Mini Skyrocket. Radio control profile fun-fly scale twin model, for 0.15 power.
Quote: "Ken Swailes and I have a love affair - no, not with each other, no one could love that hairy monster, but with the Grumman Skyrocket. It started back in late 1998 when I was looking for an easy and safe twin-engined model, which would have a more entertaining performance than the average twin. The 52 in wing span slimline 'Skyrocket' was the result and it exceeded all expectations with regard to flying characteristics, especially its ability not only to fly one engine, but to perform most of the aerobatic schedule on one. Such are the safety margins of this Boddo-friendly aeroplane that the prototype model, now five years old, is still flying and has hundreds of flights to its name.
The Skyrocket twin was followed by the Super Skyrocket, a four engined version, with two MDS 28 engines and two 18's (MF plan no. 12, April 2000), and this also is still in the land of the living; it has not been flown as much as the twin version, simply because it is rather large to cart around, but it is a tour-de-force in the air. One Skyrocket which proved to be less than 100% successful was the 1/12th scale combat version. Yes, it flew, but it hadn't got the excellent and highly manoeuvrable qualities of the fun-fly types, so that one was dumped.

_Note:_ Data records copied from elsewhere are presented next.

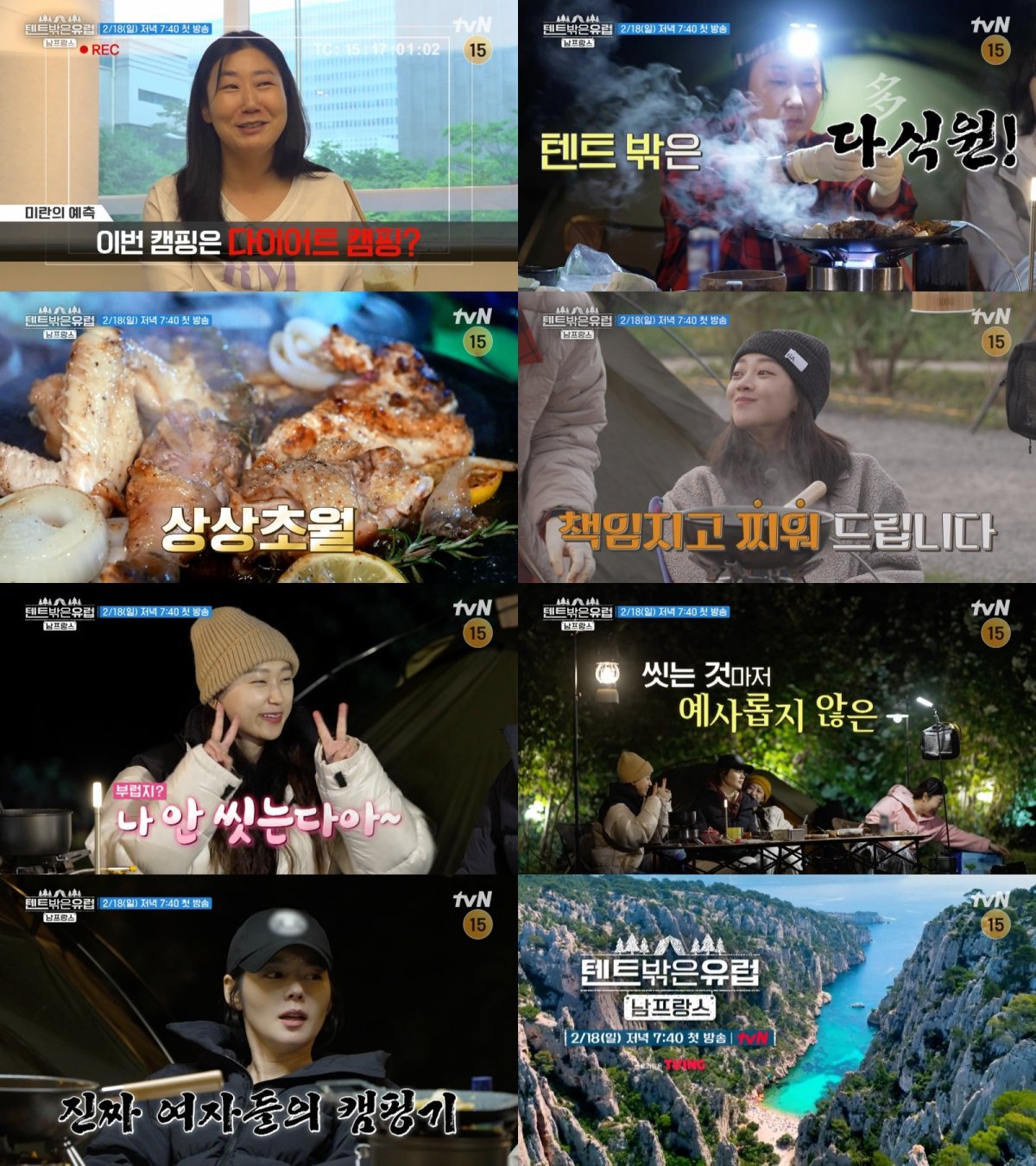 이어 \'텐트 밖은 다식(多食)원\'이라고 할 만한 전무후무한 캠핑 코스 요리의 향연이 펼쳐지며 시선을 압도하고 있다. 특히 캠핑 요리 고수 라미란이 고퀄리티 음식으로 미식의 나라 남프랑스에서 캠핑 클래스를 제대로 보여준다는 전언이다. 캠핑 요리 끝판왕답게 현지 식재료를 활용해 감태 파스타부터 꼬마김밥, 닭볶음탕, 배추전, 황태 미역국, 비빔 파스타, 제육볶음, 잡채 등 익숙한 듯 색다른 퓨전 요리를 만들어낸다고.
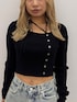 【トップス】 チョーカー付きなので1枚で着ても映えるアイテム‼️程よいフィット感で華奢見えさせてくれます💖左肩を落としてワンショル風にすることでモードな着こなしもできます✨️ 【デニム】 大胆なクラッシュデザインが目を引くワイドデニム💖ズルっとしたシルエットなので、あえて女性らしいトップスと合わせでモードな着こなしがオススメです✨️身長154センチでSサイズ着用です! 【スニーカー】 ボリュームのあるエアソールが長めのパンツでもミニスカート合わせでも存在感のある足元にしてくれます✨️約9センチのソールですが傾斜がなく、とても軽いのでたくさん歩いても疲れにくい設計になっています⭕️23.5センチでMサイズ着用です!
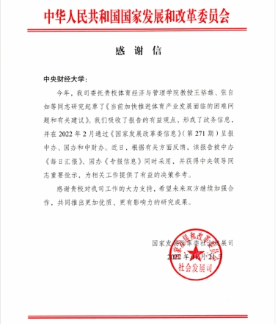 近年来,王裕雄、张自如教授团队积极服务于相关体育政策制定,先后受国家发改委社会司邀请参与《关于构建更高水平的全民健身公共服务体系的意见》(中办发〔2021〕61号)的起草论证、评审和解读工作,以及多次提供相关政策研究报告。此次发改委社会司在感谢信中提出希望未来继续加强合作,共同推出更加优质、更有影响力的成果。
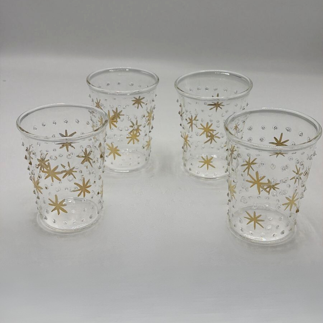 Set of 6 handblown glass cups with clear dots & hand-engraved gold stars. Suitable for serving water, juice or any chilled beverage.
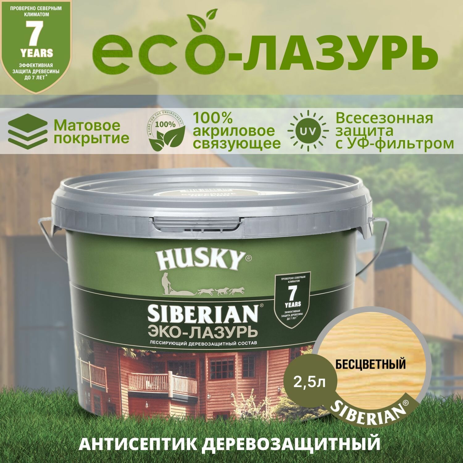 Антисептик husky siberian Эко-Лазурь полуматовый бесцветный 2,5л
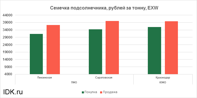 За прошедшую неделю с 13.06.2022 по 17.06.2022 средняя цена семечки подсолнечника, согласно выставленным заявкам трейдеров, выросла по всем округам на 2013 рублей. Средняя цена составляет 36585 рублей за тонну.
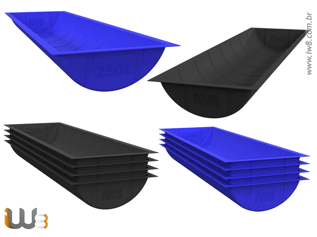 Cochos Plásticos para Gados de Corte, Ovinos, Caprinos, Vacas Leiteiras e outros animais com Capacidade para 250 Litros são usados para trato e suplementação, também podendo ser utilizado como saleiro. São fabricados pela IW8 no processo de rotomoldagem em polietileno de alta densidade com proteção UV.
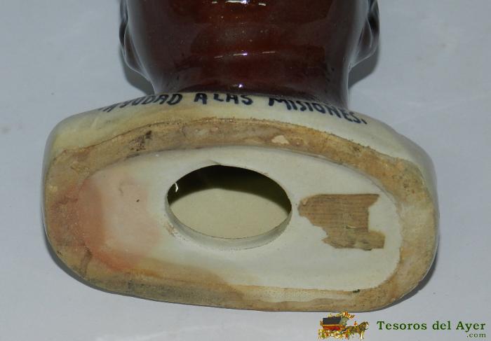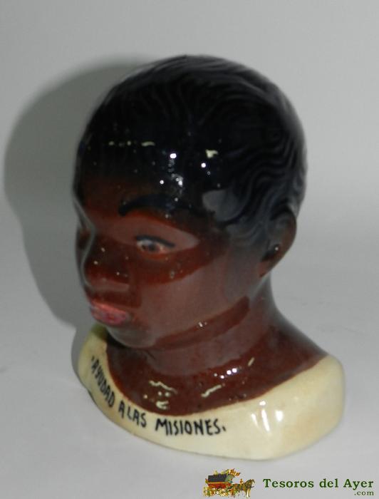 ANTIGUA HUCHA DEL DOMUND DE NEGRITO AÑOS 40 - DE CERAMICA COMPLETAMENTE ORIGINAL, TAL COMO SE VE EN LAS FOTOS - MIDE 17 CMS. DE ALTURA APROXIMADAMENTE - SANTA INFANCIA, AYUDA A LAS MISIONES. SUPER RARA DE ENCONTRAR. POR LO DEMAS ESTA EN EXCELENTE ESTADO DE CONSERVACION.

I then decided that I wanted a smaller profile fuselage model of the American experimental twin, of a size that would easily fit into the car, together with the four or five other models which accompany me when I go to the MAA model flying weeks. Hence the present Skyrocket, which follows the good manners of its predecessors, although it is a little faster in flight and won't slow fly to quite the ridiculous levels of the larger types. It remains impeccable on one engine without worries and over-shooting on one engine carries no fears. For these reasons it is not a good twin trainer, you won't find many scale twins as forgiving as this model.
0S15LA engines were used on the model, but any combinations of engines from 12 to 15 should be OK. You could probably use dissimilar engines, but if you do, use the more powerful one on the starboard side. It is an easy build, but try to avoid the temptation of 'beefing up' the structure, for one thing it doesn't need it and, more importantly, lighter models fly better. Use mini servos, there's no need to go to micro types, a normal receiver and a battery of around 300 to 400 mAh.
No additional ballast was required to obtain the correct balance point, I haven't experimented with different locations, but I don't think that it would be too critical. Start with the designated position, even if some nose weight is required and then remove it gradually, test flying each time.
One change I have made is with the positioning of the fuel for the starboard engine. On the prototype it was situated outside the hatch area and, naturally, that was the one to spring a leak, in the fuel tubing, and to contaminate the structure. It is now moved inside, where it can be got at, this means the fuel feed line has to be taken through the engine nacelle, a small price to pay for peace of mind. The larger versions had supporting struts for the tailplane, I haven't fitted them to the 'Mini', but you could use ali tube struts, from the underside of the fuselage to the main spar, if you wished. No more rattling, let's get building..."
Mini Skyrocket, R/C Model Flyer, August 2004.